Ernest looked completely blank for a moment.

"What the deuce are you talking about?" he asked.

"My dear Ernest!" she cried in dismay. "King Lappin," she added, dangling her little front paws in the firelight. But his nose did not twitch. Her hands-they turned to hands-clutched the stuff she was holding; her eyes popped half out of her head. It took him five minutes at least to change from Ernest Thorburn to King Lappin; and while she waited she felt a load on the back of her neck, as if somebody were about to wring it. At last he changed to King Lappin; his nose twitched; and they spent the evening roaming the woods much as usual.

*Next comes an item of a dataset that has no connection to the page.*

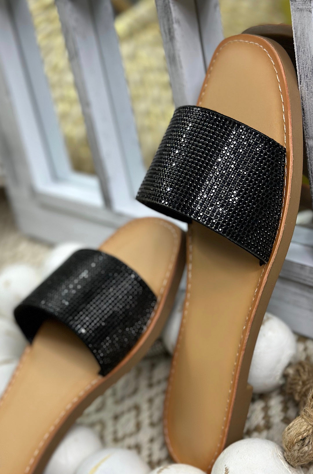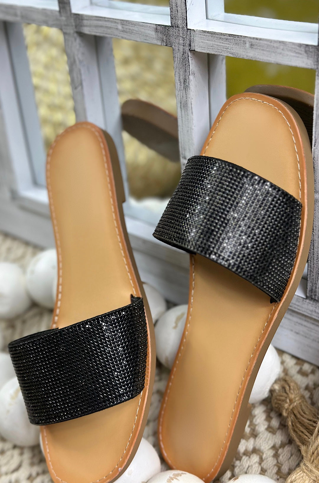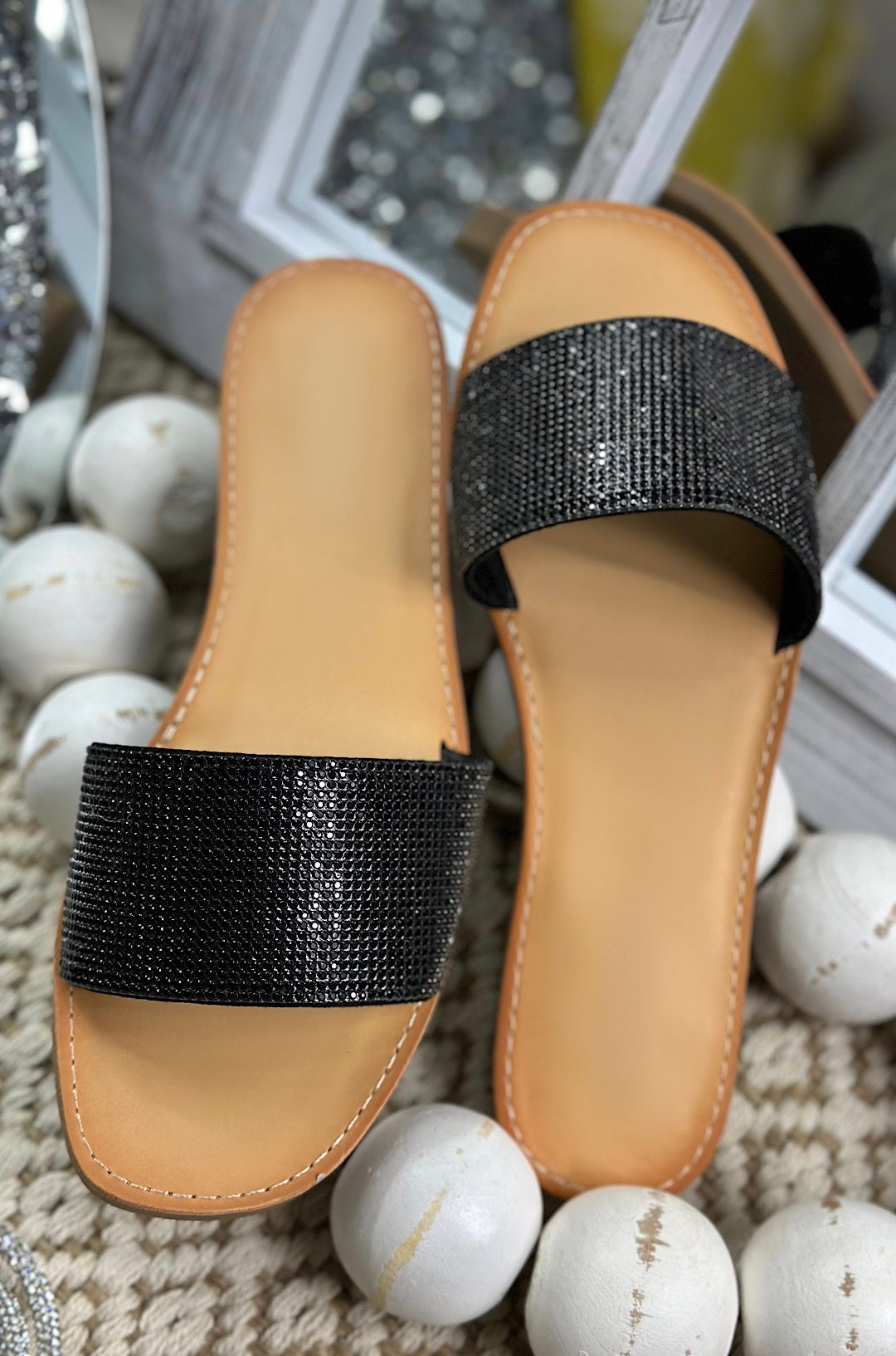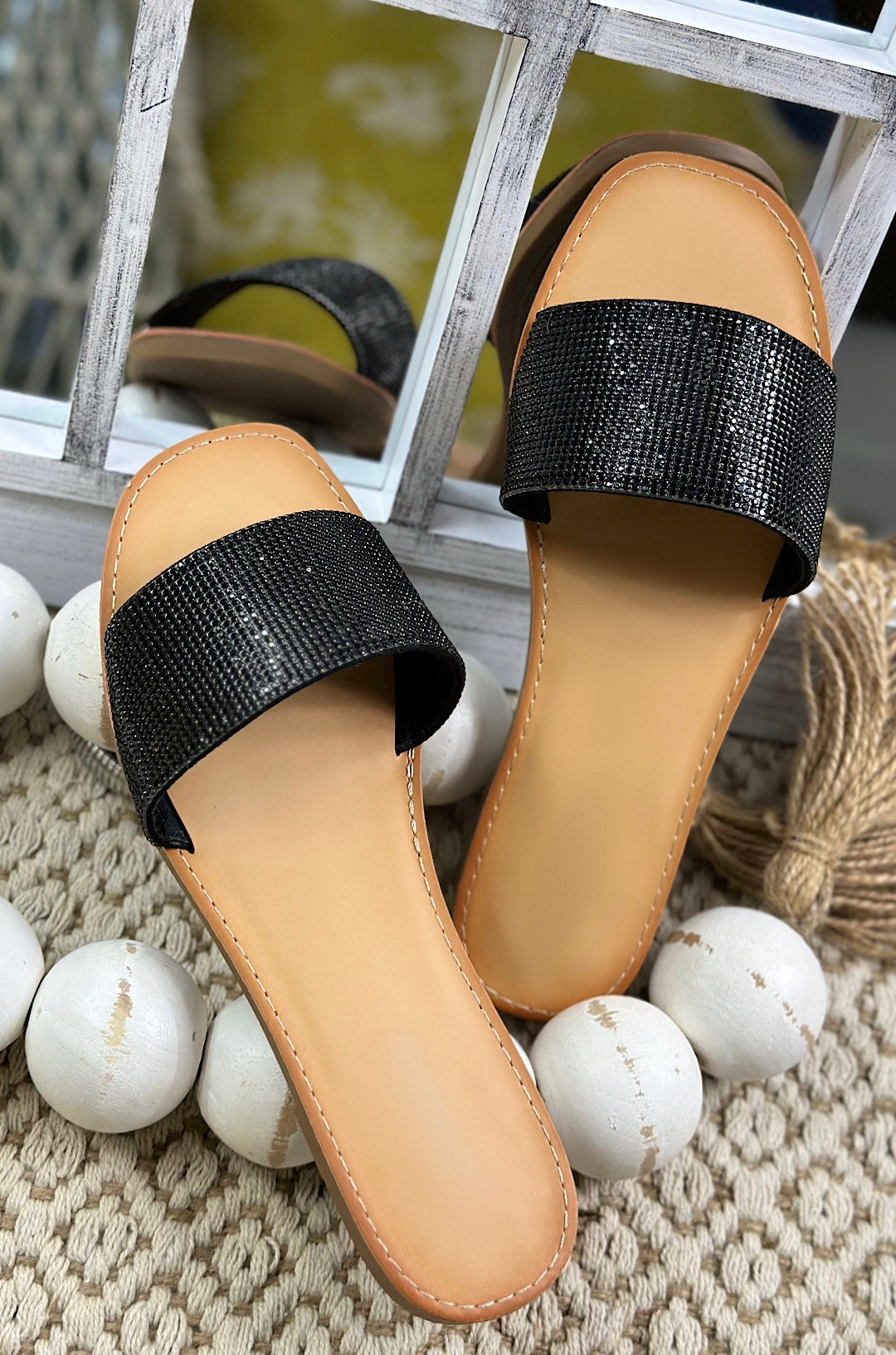 Shine bright with the Emie Rhinestone Sandals. These sleek sandals boast a comfortable flat sole and a single, chic band adorned with dazzling rhinestones. The epitome of effortless summer style, the Emie sandals elevate your look from poolside lounging to casual outings. Offering just the right amount of shimmer, these versatile sandals are a must-have addition to your warm-weather wardrobe. Whether you crave a touch of everyday sparkle or a statement piece for a special occasion, the Emie sandals are sure to become your new favorites.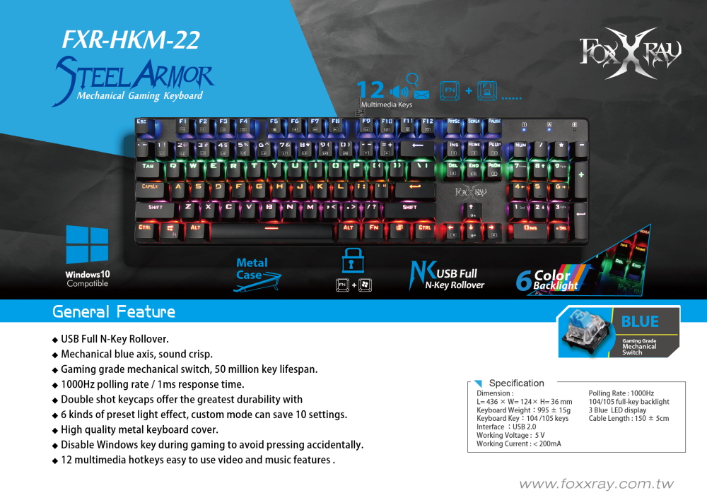 FXR-HKM-22 Steel Armor Mechanical Gaming Keyboard

But she slept badly. In the middle of the night she woke, feeling as if something strange had happened to her. She was stiff and cold. At last she turned on the light and looked at Ernest lying beside her. He was sound asleep. He snored. But even though he snored, his nose remained perfectly still. It looked as if it had never twitched at all. Was it possible that he was really Ernest; and that she was really married to Ernest? A vision of her mother-in-law's dining-room came before her; and there they sat, she and Ernest, grown old, under the engravings, in front of the sideboard. . . . It was their golden-wedding day. She could not bear it.

"Lappin, King Lappin!" she whispered, and for a moment his nose seemed to twitch of its own accord. But he still slept. "Wake up, Lappin, wake up!" she cried.

Ernest woke; and seeing her sitting bolt upright beside him he asked:

"What's the matter?"

"I thought my rabbit was dead!" she whimpered. Ernest was angry.